I think we've gone from the promise of two organizations coming together and how well could we execute — and what would it mean to customers and the market — to the reality of it. We had a very, very strong year last year. I think our customer base — the Global 5000 — and the markets that we serve now really appreciate the combined strengths of Ping and ForgeRock. So the capability or the platform itself, the breadth and depth of the platform for the types of customers that we serve.
You don't always know how well the organizations will get together, either culturally or the product alignment or the receptivity from the market. But last year was a great year, and this year has also started off exceptionally strong.
What sort of traction are you finding for your Neo decentralized identity offering?
It's really been exceptional. This has been the year for that. We have a number of deployments right now of decentralized identity in Neo. It's everything from opening and starting your car, to proving your identity through a bank-issued identity, to proving your identity by a government-issued identity using verifiable credentials in Neo. We protect about 8 billion accounts globally, and so we're in a great position to see the types of use cases that both the private sector and public sector want to deploy by issuing these digital verifiable credentials.
A subset of Neo and decentralized identity is our identity verification service. It's becoming very common now for companies to verify all of their employees before enrolling them in MFA. And that has really taken off, because we're onboarding so many employees remotely, and we don't want to enroll them into strong authentication without verifying their identity before that is done. And so our Verify service, which is very much a part of Neo and our decentralized identity, is really taking off in its own right. The notion that you would verify someone's real identity through their government issued driver's license, passport or Real ID, and then issue them a digital credential afterwards — those two use cases are coupled at the hip. And [performing] the verification as the first step has really taken off in the last 12 months.
What about your expansion into fraud prevention — what sort of momentum have you been finding there?
That is also another capability area that has really taken off in the last year.
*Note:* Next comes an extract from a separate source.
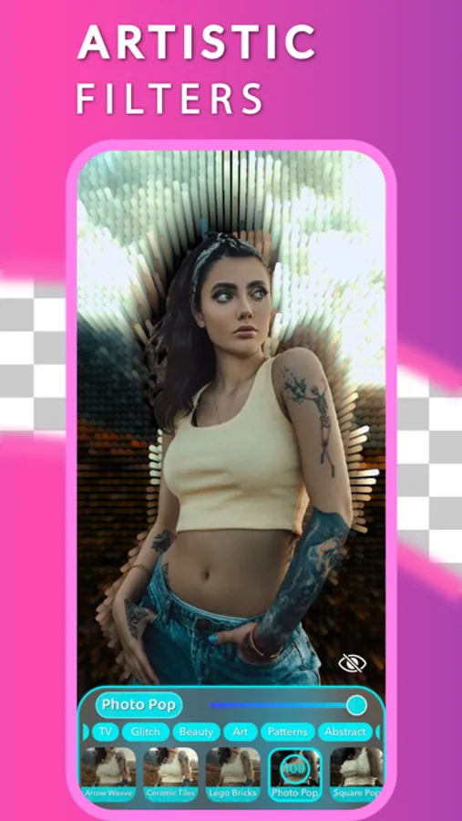 Discover the amazing hybrid camera editor: Magic Crop! Powered by AI, you can highlight any subject in a photo and apply amazing AI-enhanced effects!

We offer a service called Protect, which is a set of risk and fraud signals that companies can incorporate into their identity provider and their authentication services to, in essence, make better decisions about [whether to] grant access. Our risk and fraud signals on the workforce side of the equation are eliminating as much as 95 percent of MFA prompts.
Given the major economic uncertainty right now, what can you say about the durability of the opportunity in identity security?
It has historically been a durable category — that's not going to change. It really is not optional. Companies don't have an option when they are doing more business online to ensure that the trust in their brand is not compromised for weaknesses and identity. And that is a security comment. It is also not optional that you compete online in a distance of keystrokes, not in a distance of miles. You're only one or two keystrokes different from your competitor. And so the user experience to compete in an increasingly digital and online or mobile world is also not optional. Ping intersects into both of those. The integrity in your trust and brand is founded on the integrity from which you interact with customers and employees, and the user experience and the personalization is also hinged upon the foundation of your identity platform and your choices there. Everyone is ultimately impacted in [terms of] speed of investment in modernizing their platform. But identity falls into a top one, two or three priority for reasons that predate the economic turmoil over the last couple of months.